NHS strikes confidential ‘pay as you cure’ deal in hepatitis C

LONDON, Sep 15 (APM) - The National Health Service (NHS) has struck a 'pay as you cure' deal for an unnamed hepatitis C drug in an attempt to save money, the Daily Mail reported on Tuesday.
The paper said the deal was announced at the NHS Expo conference in Manchester by NHS chief executive Simon Stevens, who said cutting back was important for the NHS to reach its 'full potential' by making sure it can afford drugs for future generations.
The drug in the new deal is given to around 10,000 patients a year.

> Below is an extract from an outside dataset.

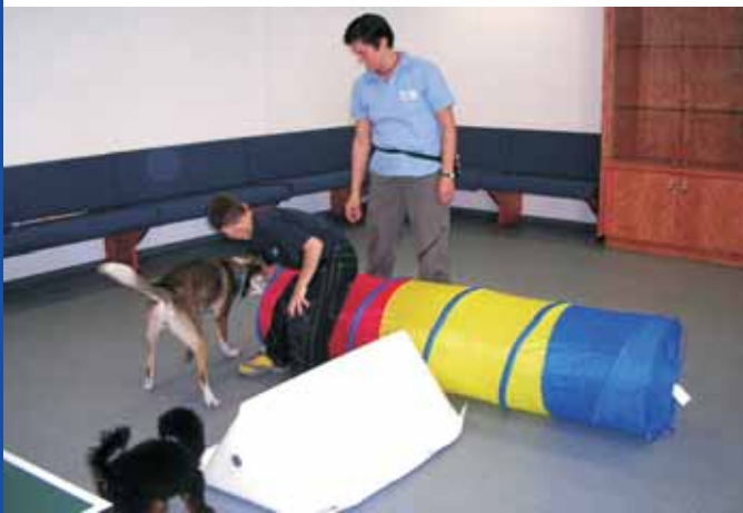
Hindernisparkours: übt Koordination, Kooperation, Konzentration uvm.

Inzwischen gibt es einige Kostenträger (z.B. Jugendamt und Unfallkassen), von denen man Zuschüsse erhoffen kann. Sprechen Sie mich an, wir werden eine Lösung suchen.

Its manufacturer cannot be named due to commercial confidentiality, said the Daily Mail.
If the agreement is successful, a similar approach could be adopted for other costly treatments to reduce the NHS drug bill.

NHS defends plans to limit drug spend

The Sunday Telegraph said it has seen court papers that reveal the NHS in England has accused big pharma firms of making spurious legal arguments in an attempt to challenge plans to limit drug spending.
The High Court row is over powers introduced in April giving NHS England the right to ration expensive medicines, including if they are expected to cost more than 20 million pounds in any of their first three years of use.
The companies argue the changes will limit patients’ access to cutting-edge treatments, particularly for rare diseases.
NHS managers have attacked industry claims as “unarguable” and “makeweight”, according to the paper.

Digital future of the NHS

UK health secretary Jeremy Hunt’s plans for the digital future of the NHS were widely reported at the weekend and on Monday.
The Daily Mail said Hunt called the next 10 yeas the “decade of patient power”, with plans for patients to use a smartphone app to book a GP appointment, seek non-emergency healthcare advice from the NHS 111 service, access healthcare records and order repeat prescriptions.
Patients may also be able to enrol in the organ donation register, opt out of sharing their medical data and receive support for treating a long-term condition.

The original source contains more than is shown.